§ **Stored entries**
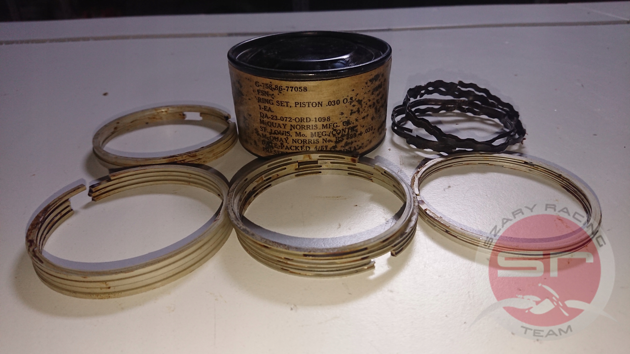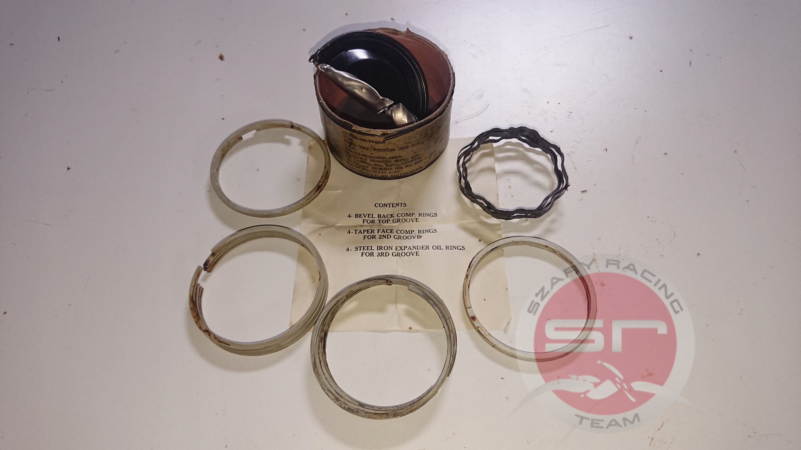 Willys MB Ford GPW Pierścienie tłokowe silnika. Produkcja U.S.A Różni producenci - Perfect Circle, McQuay, Gemotec, Ford Motor Company,Seal Tested,Federal Mogul,Glico,Johnson.
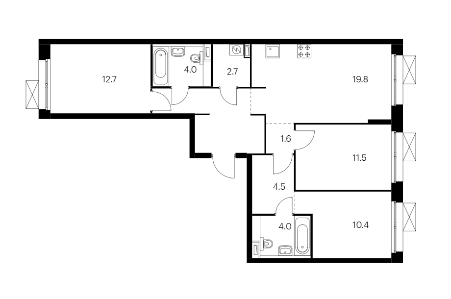 Общая площадь 80.7 м2
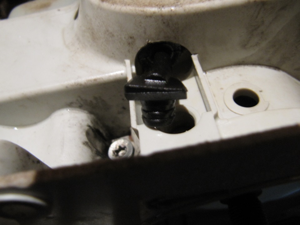 Масляный насос установлен с правой стороны днища корпуса, в том же месте к нему подходит маслопровод, идущий из бака бензопилы. Для снятия насоса, потребуется сначала освободить пилу от рукоятки, для этого раскручивается задняя ручка агрегата и отсоединяется тяга управления дроссельной заслонкой. На следующем этапе, нужно вынуть заглушки амортизаторов рукоятки и при помощи мощной шлицевой отвертки, выдавить их из своих посадочных мест на рукоятке.
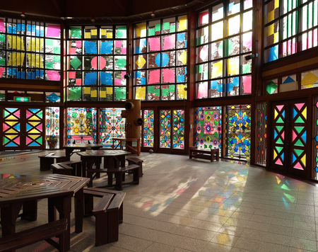 ステンドグラス風にカラーセロハンで装飾された「このはな館」のガラス窓=19日午後、愛知県東浦町 愛知県東浦町役場近くの公園で、休憩所などとして利用される「このはな館」のガラス窓が、ステンドグラス風にカラーセロハンで装飾されている。床から天井までの高さは約6.6メートルで、晴れた日には窓から光が差し込み、床面にカラーセロハンの色が映るという。
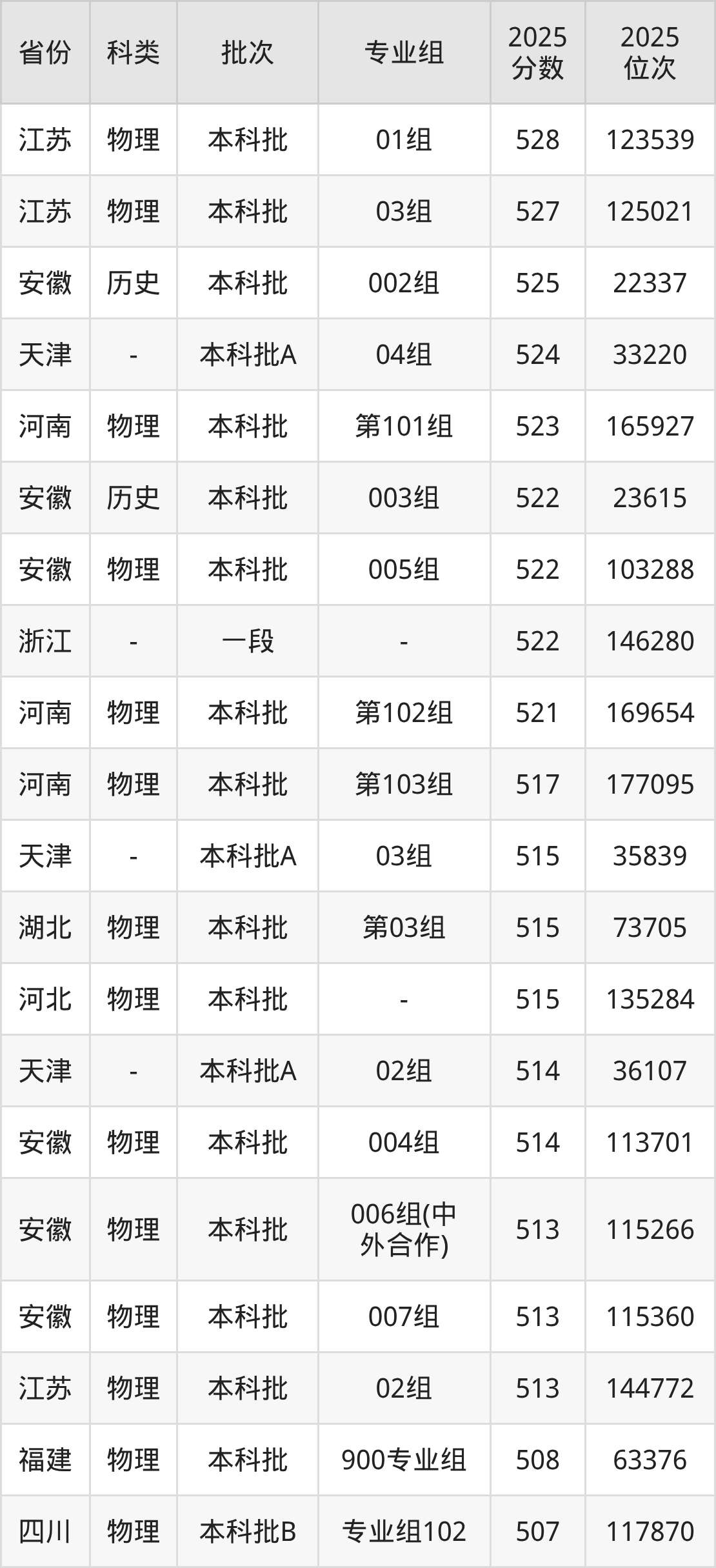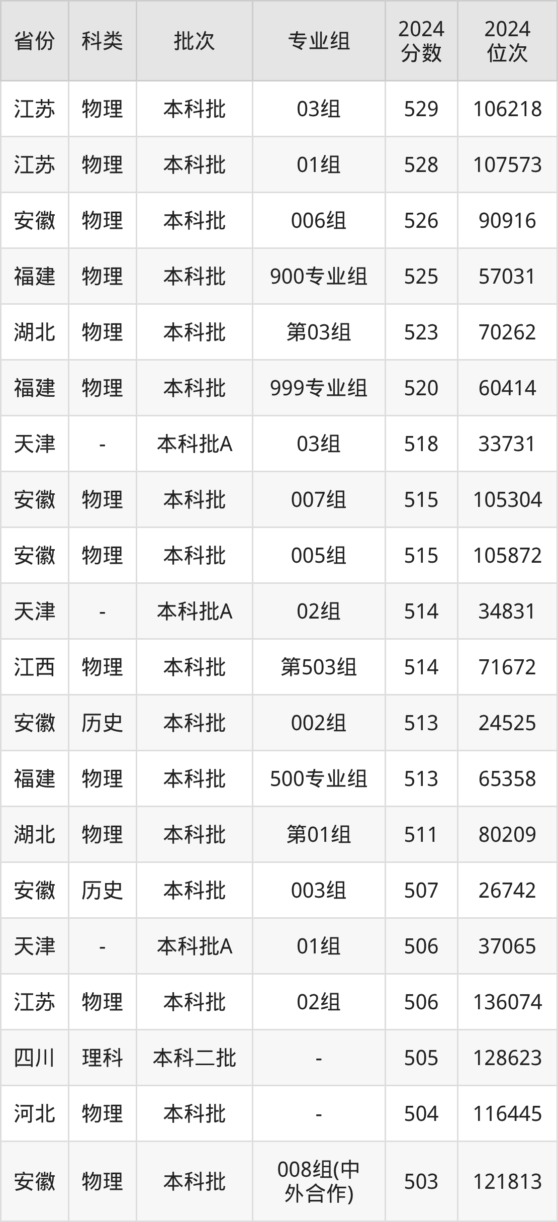 安徽科技工程大学在本科招生,现以学校2025年在安徽物理类(本科)的录取情况为例,006组(中外合作)最低分为513分。关于院校更多省市本科批分数线,详见下文。

§ **The task**
An exact copy of the data is required, with the pictures excluded.

§ **Your response**
 Willys MB Ford GPW Pierścienie tłokowe silnika. Produkcja U.S.A Różni producenci - Perfect Circle, McQuay, Gemotec, Ford Motor Company,Seal Tested,Federal Mogul,Glico,Johnson.
 Общая площадь 80.7 м2
 Масляный насос установлен с правой стороны днища корпуса, в том же месте к нему подходит маслопровод, идущий из бака бензопилы. Для снятия насоса, потребуется сначала освободить пилу от рукоятки, для этого раскручивается задняя ручка агрегата и отсоединяется тяга управления дроссельной заслонкой. На следующем этапе, нужно вынуть заглушки амортизаторов рукоятки и при помощи мощной шлицевой отвертки, выдавить их из своих посадочных мест на рукоятке.
 ステンドグラス風にカラーセロハンで装飾された「このはな館」のガラス窓=19日午後、愛知県東浦町 愛知県東浦町役場近くの公園で、休憩所などとして利用される「このはな館」のガラス窓が、ステンドグラス風にカラーセロハンで装飾されている。床から天井までの高さは約6.6メートルで、晴れた日には窓から光が差し込み、床面にカラーセロハンの色が映るという。
 安徽科技工程大学在本科招生,现以学校2025年在安徽物理类(本科)的录取情况为例,006组(中外合作)最低分为513分。关于院校更多省市本科批分数线,详见下文。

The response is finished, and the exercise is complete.